Like much Italian housing construction of the 1970's and 80's, a combination system of poured-in place and prefabricated concrete panels is the primary construction. Balconies are detailed as a recessed space with room for an awning. Continuous narrow strip windows, enlarge to full-height doors at the balcony and are red with aluminum roll down blinds. This clear typology of components has a modular quality. The towers step in height forming rooftop laundry areas. The towers are detailed to express the structure at the bottom two floors. The ground floor of the stepping slabs and towers is unoccupied except for entrance lobbies. The paired slabs however, have some ground floor dwellings where there is an obvious security problem.

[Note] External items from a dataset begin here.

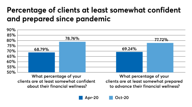 But while clients were generally feeling better about their financial situation in October than they did in April, that doesn’t mean they’ve returned to the pre-pandemic levels of confidence, according to Financial Planning's latest Financial Wellness Report.
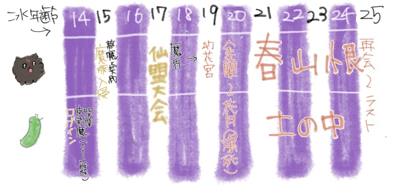 黄色い文字が年齢が書いてあったイベント、オレンジ色が何年後、何年間といった発言から予想したイベントになります。
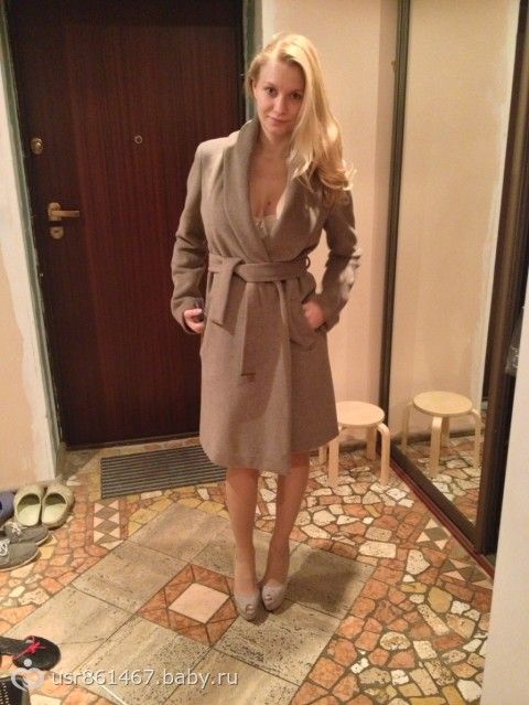 А еще я после долгих скитаний в торговом центре в поисках каких- нибудь не дорогих обертенек, набрела на супер крутую вещь, которую давно искала!!! Пришлось уламывать мужа, суммой такой большой я не располагала, он конечно счастлив не был, но при помощи продавца мы ловко его убедили в острой необходимости польто для нас с малышом. Оно действительно очень универсальное, запах позволяет носить его с огромным животом, хотя размер мой самый маленький+ оно очень теплое, шерсть с ангорой )))
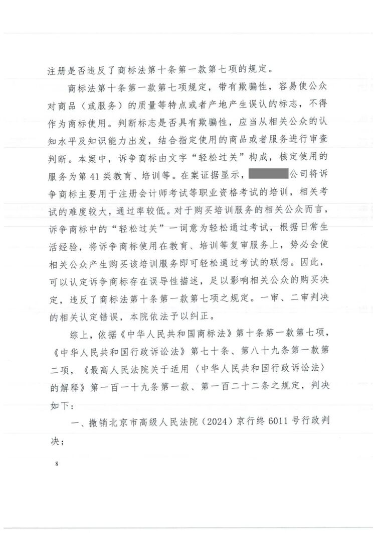 最高人民法院认定,“轻松过关”作为商标使用在教育、培训等服务上,具有误导性描述,容易使相关公众对服务质量产生误认,违反《商标法》第十条第一款第七项关于“带有欺骗性”标志不得作为商标使用的规定。该判决进一步厘清了“欺骗性”商标的司法认定标准,对规范教育培训行业商标注册与使用具有重要指导意义。
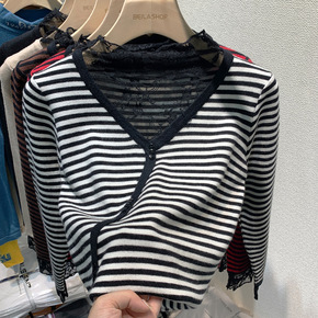 横行道半高领条纹修身长袖女t恤打底衫2022春秋新...
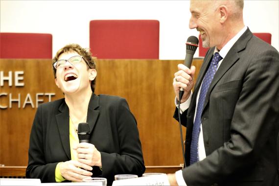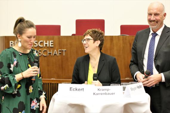 Die von Svea Eckert, Journalistin und KAS-Altstipendiatin, moderierte Diskussion um die Chancen innovativer Politik deckte mehrere Themenfelder ab. So betitelte Meyer-Heder die Verkehrssituation in Bremen als riesiges Thema. Er forderte beispielsweise ein vernünftiges landesübergreifendes Baustellenmanagement. Kramp-Karrenbauer fügte hinzu, dass Fahrverbote nur da eingerichtet werden sollten, wo sie unvermeidlich seien. Das Thema Bildung in Bremen stellte für Meyer-Heder die größte Baustelle dar. Die Bildung müsse nachhaltig verbessert werden, das dürfe allerdings nicht einfach nur gesagt werden, sondern hierbei müsse man tatsächlich endlich in die Umsetzung kommen, forderte Meyer-Heder.
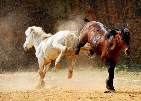 Sân đấu được qui định trong vạch tròn .Một chú ngựa cái đẹp được đưa vào để hai đấu sĩ ngựa tranh nhau ,chú ngựa nào bị đẩy ra ngoài vạch vôi hai lần sẽ bị xử thua |
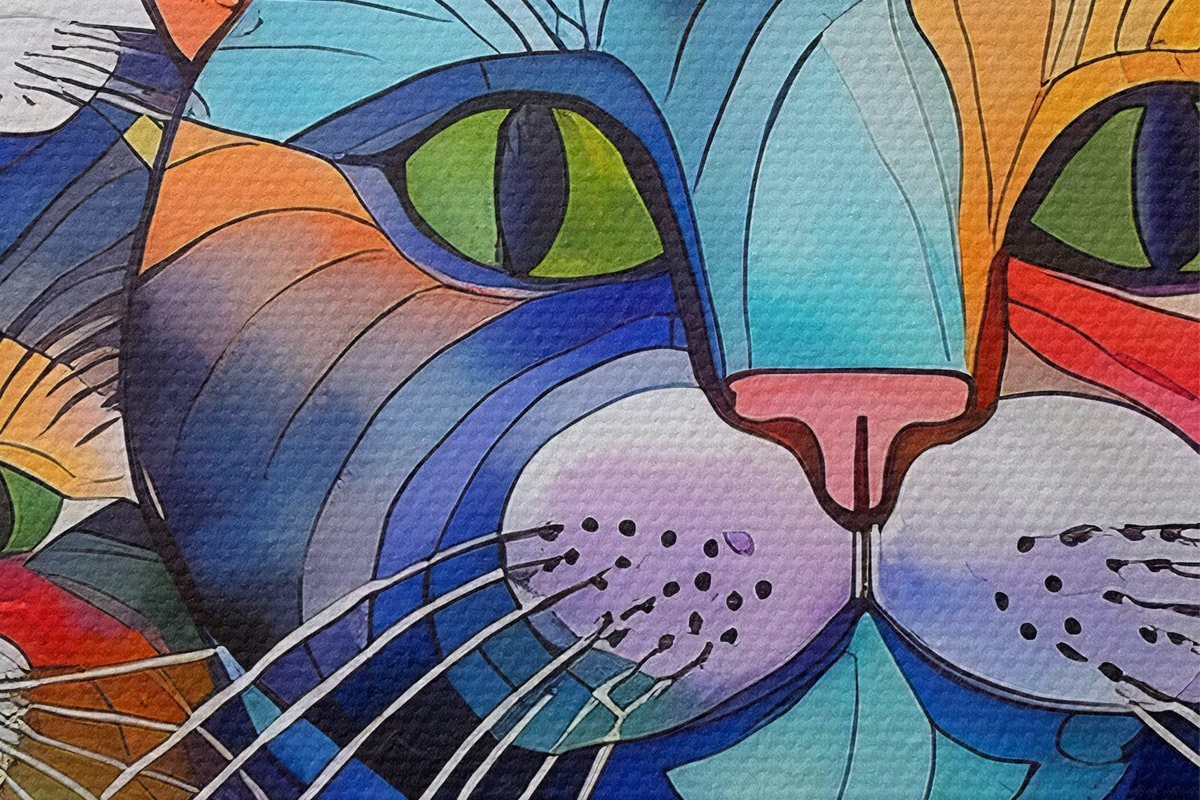Picturi rotunde Abstracție multicoloră cu pisici Nr r38814
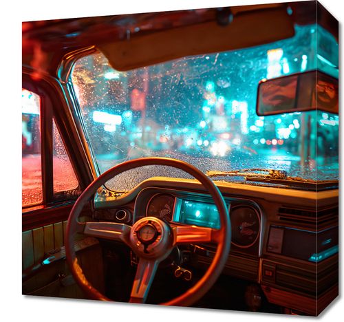 Obraz z serii pop art zatytułowany Nocny Kierowca, przedstawia widok z wnętrza klasycznego samochodu, patrząc przez deszczową, skraplaną szybę na rozświetlone neony miejskiego pejzażu nocą. Ciepłe, czerwone oświetlenie wnętrza samochodu kontrastuje z hipnotyzującym błękitem i elektrycznymi odcieniami świateł zewnętrznych, tworząc intymną, a jednocześnie dynamiczną atmosferę. Kropelki deszczu na szybie dodają tekstury i głębi, sprawiając, że scena jest zarówno realistyczna, jak i liryczna. To dzieło sztuki mogłoby znaleźć swoje miejsce w przestrzeniach nowoczesnych, miejskich loftów lub jako akcent w barze o tematyce retro, wprowadzając element tajemniczości i miejskiego romansu.
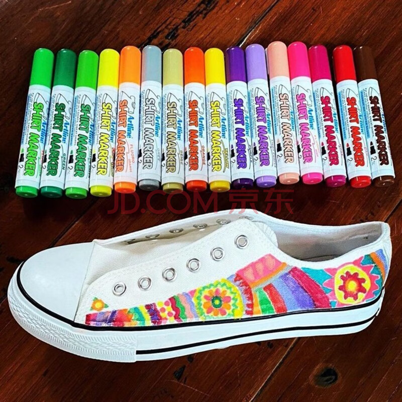 商品相册:【全网低价】旗牌(Shachihata)DIY纺织颜料衣服布料手绘涂鸦绘画T恤笔 双头 2.0-5.0mm 荧光橙/蓝 EKT-25TT美术写生第1张/共8
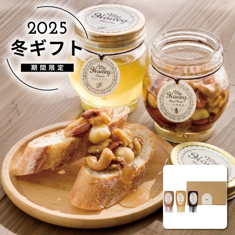 内容からだに優しいアカシアはちみつ300g・はちみつとピーナッツでつくったピーナッツハニー250g・はちみつとカカオでつくったチョコレートハニー280g各1個

The site plan makes a convincing diagram, however, there seems to be little organizational connection with the existing community. Entrance past the paired slabs is a passage through a parking area and, once reached, the plaza lacks activity, definition, and the facilities needed to make it truly a central community space. The idea of the extended stepped slabs with parking to one side and a landscaped open space to the other, also makes a good diagram but this space is too big, poorly defined and, as a result, is underused. These spaces are unkempt and are not well equipped or maintained. The prefab panel system which is typical of a lot of similar Italian housing of this period results in a rather literal design system, one that occupants are quick to adapt and change by glazing balconies and adding security screens of all kinds. There is evidence of serious water problems with the panels where joints have been plastered and panels patched. The absence of a viable shopping environment results in the reality of closed shop fronts, graffiti, a generally trashed, unkempt ambience, and loss of viable pedestrian activity. It may be that the adaptations that were made to the original legge 167 housing standards, changes made to reach a more realistic correspondence between building cost and affordable financing have resulted in a loss of the amenities that no community can be without. A reoccurring pattern in many of these developments is the building of incomplete communities where public facilities are late in coming or are never funded at all for sites, that at least when they are first built, are physically and spiritually detached from an existing infrastructure of shopping, schools, and transportation.

Rossi, Piero Ostilio, Roma, Guida all'architettura moderna 1909-2000, Editori Laterza, Roma, 2000, pp. 333-4.

Casabella, No. 438, july-aug, 1978.

Costruire per abitare, no. 5, dec. 1982-Jan.1983.

Lucio Passarelli, (author, date & publisher uknown), p. 96-102.